Raketeneinschlag in Polen: Was bisher feststeht

Beim Einschlag einer Rakete auf polnischem Territorium im Dorf Przewodów nahe der ukrainischen Grenze wurden am Dienstag (15. November) zwei Menschen getötet. Es ist die erste Explosion auf NATO-Territorium seit Russlands Einmarsch in die Ukraine im Februar.

Euractiv.com
Missile hit Poalnd
Die Explosion am 15. November in einer Getreidelagerstätte nahe der ukrainischen Grenze ereignete sich zu einem Zeitpunkt, als Russland zahlreiche Raketenangriffe auf die ukrainische Energieinfrastruktur durchführte und die Befürchtung äußerte, dass der Konflikt auf die Nachbarländer übergreifen könnte. [Twitter]

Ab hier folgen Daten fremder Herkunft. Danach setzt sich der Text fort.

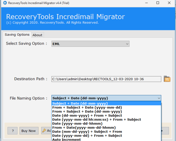 - Το Incredimail IML σε EML Converter προσφέρει αρκετές επιλογές μετατροπής ονομασίας αρχείων για τη διατήρηση των προκύπτουσας αρχείων κατά ημερομηνία, υποκείμενο, από, χρόνο κλπ.
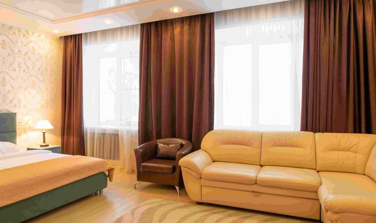 В номере: вешалка, диван раскладной, зеркало, кровать двуспальная, прикроватные тумбочки, стол, стулья, шкаф, телевизор, телефон, холодильник, чайный набор посуды, электрочайник
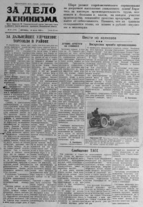 П р о л е т а р и и в с е х ст р а н , с о е д и н я й т е с ь ! ЗА Д Е Л О ЛЕНИНИЗМА Орган Северного Р К К о м м у н и с т и ч е с к о й парти и С о ве тско го Союеа и районного С о в е т а д е п у т а т о в т р у д я щ и х с я Новосибирской о б л а с т и № 82 (2270) ПЯТНИЦА, 10 июля 1959 г . Цена 15 коп. Ш и р е р а з м а х с о ц и а л и с т и ч е с к о г о с о р е в н о в а н и я з а д о с р о ч н о е в ы п о л н е н и е с е м и л е т н е г о п л а н а ! Б о р и т е с ь з а в ы с о к у ю п р о и з в о д и т е л ь н о с т ь т р у д а , э к о н о м ь т е в б о л ь ш о м и м а л о м , н а к а ж д о м у ч а с т к е п р о и з в о д с т в а , п о в ы ш а й т е к а ч е с т в о п р о д у к ц и и , с н и ж а й т е е ё с е б е с т о и м о с т ь . П о м н и т е , ч т о и з г р а м м о в с к л а д ы в а ю т с я т о н н ы , и з к о п е е к и р у б л е й — м и л л и о ны и м и л л и а р д ы . ЗА ДАЛЬНЕЙШЕЕ УЛУЧШЕНИЕ ТОРГОВЛИ В РАЙОНЕ В семилетием плане развития народного хозяйства С С С Р на 1959— 1965 годы, принятом X X I съездом К П С С , в области торговли намечено увеличение объё ма розничного товарооборота государственной и кооперативной торговли примерно на 62 процента.Предполагается значительно расширить продажу населению продовольственных, а также промышленных товаров-тканей, одежды, обу ви и т. д. Столь важные задачи требуют дальнейшего у л у чш е ния работы потребительской кооперации. В прошлом году торгов ы е предприятия нашего района перевыполнили план товарооборота, кооперирования и паенакопления. Ряд сельпо и продавцов поработали хорошо, проявляли настоящую заботу о покупателях. Однако в деятельности райпотребсоюза и сельпо есть серьёзные недостатки. Особенно в этом году. П о лугодовой план товарооборота выполнен только на 94,3 процента. Далеко не выполнены планы кооперирования и паенакопления. Т у т и за общими цифрами не скроешься, не покажешь благополучия в торговых делах. Бывший председатель т. Лопатов и правление райпотребсоюза мало об^ этом проявляли заботы. 1рудящиеся отдалённых сёл жалуются на отсутствие в ассортименте магазинов многих товаров. Подчас они не могут купить не только добротные, красивые ткани, обувь, одежду, но даже товары первой необходимости. Так, в посёлок Лесхоз в течение почти двух лет не завозят известь, и жители вынуждены покупать её в г. Куйбыш е ве за 60 километров. К неоднократным просьбам и жалобам людей работники райпотребсоюза и Ново- Елизаровского сельпо до последнего времени остаются глухими. В магазинах Чувашинско- го сельпо нет несколько десятков наименований товаров, предусмотренных ассортиментным минимумом. Колхозы района не всегда могут в кооперативе купить нужные товары и материалы. Много поступает жалоб трудящихся на то, что нарушается распорядок дня работы магазинов. Сейчас горячая пора сенокоса, в поле люди уходят рано, а чтобы что-то купить,они дол жны терять дорогое время. Да что брать отдаленные сёла, когда даже в районном центре, под боком р у ководителей райпотребсоюза, далеко не всё в порядке. Присмотритесь к выбору товаров в обувном магазине и вы убедитесь, что там пустые полки. Чтобы заполнить их, продавцы ставят по несколько пар одной и той же модели туфли или галоши. Ведь в этот летний сезон негде купить хороших босоножек или более приличных туфель для повседневной носки. Да и ничего, пожалуй, не выберете из модельной обуви. Что же, не стало её в производстве? Нет. Вся причина в нераз- воротливости тех, кому положено добросов

Beim Einschlag einer Rakete auf polnischem Territorium im Dorf Przewodów nahe der ukrainischen Grenze wurden am Dienstag (15. November) zwei Menschen getötet. Es ist die erste Explosion auf NATO-Territorium seit Russlands Einmarsch in die Ukraine im Februar.

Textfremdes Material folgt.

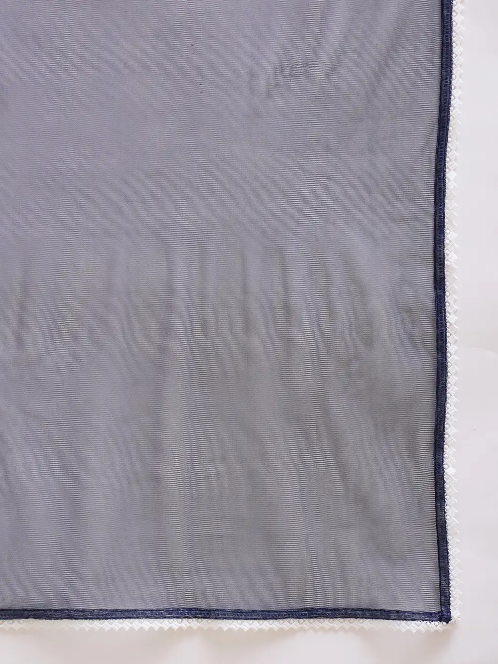 Blue Cotton Kurta Set, adorned with delicate floral prints and lace accents. Crafted from breathable cotton, this ensemble offers effortless elegance for everyday wear or casual gatherings. The soothing blue tone and intricate details add a touch of grace to your daily style.
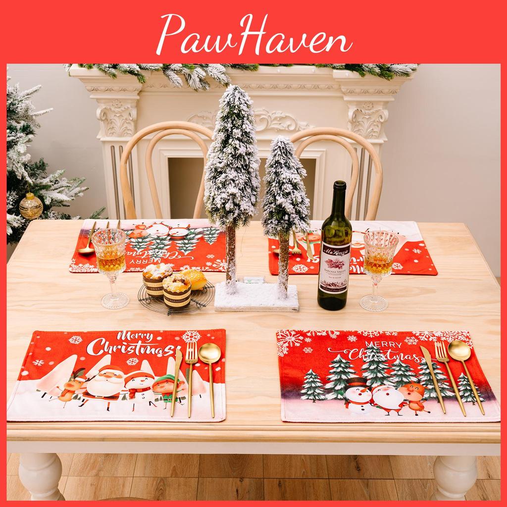 Charming Holiday Theme: These adorable Christmas-themed placemats add a delightful touch to your holiday table setting, featuring fun designs of Santa, snowmen, and reindeer.
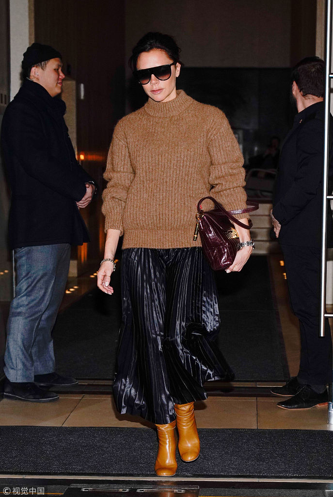 維多利亞黑色百褶裙 穿毛衣走出T臺(tái)范兒

Sollte sich der Vorfall als ein – beabsichtigter oder unbeabsichtigter – Raketeneinschlag durch Russland erweisen, könnte dies Auswirkungen auf die NATO-Mitgliedstaaten haben, die gemäß Artikel 5 des Nordatlantikvertrags zur Bündnisverteidigung verpflichtet sind.

Associated Press berichtete jedoch am Mittwoch unter Berufung auf US-Beamte, erste Erkenntnisse würden darauf hindeuten, dass die Rakete, die Polen traf, von ukrainischen Streitkräften auf eine ankommende russische Rakete abgefeuert wurde, um diese abzuschießen.

Das russische Verteidigungsministerium hat derweil bestritten, dass seine Raketen polnisches Territorium getroffen hätten, und bezeichnete solche Berichte als „eine absichtliche Provokation, die darauf abzielt, die Situation zu eskalieren.“

US-Präsident Joe Biden erklärte hingegen, dass die Untersuchungen noch andauerten und es zu früh sei, um zu beurteilen, ob die Rakete aus Russland abgefeuert wurde.

Die Explosion in Polen ereignete sich, als Russland am Dienstag Städte in der gesamten Ukraine mit Raketen beschoss. Kyjiw bezeichnete den Beschuss als die schwerste Angriffswelle seit fast neun Monaten Krieg.

Einige der Raketenangriffe trafen Lwiw, das weniger als 80 Kilometer von der polnischen Grenze entfernt ist.

Was ist geschehen?

Polnische Medien hatten zuvor berichtet, dass zwei Raketen die Grenze überschritten und ein Gebiet getroffen hätten, in dem Getreide in dem östlichen Dorf Przewodów, etwa sieben Kilometer von der Grenze zur Ukraine entfernt, zum Trocknen lag.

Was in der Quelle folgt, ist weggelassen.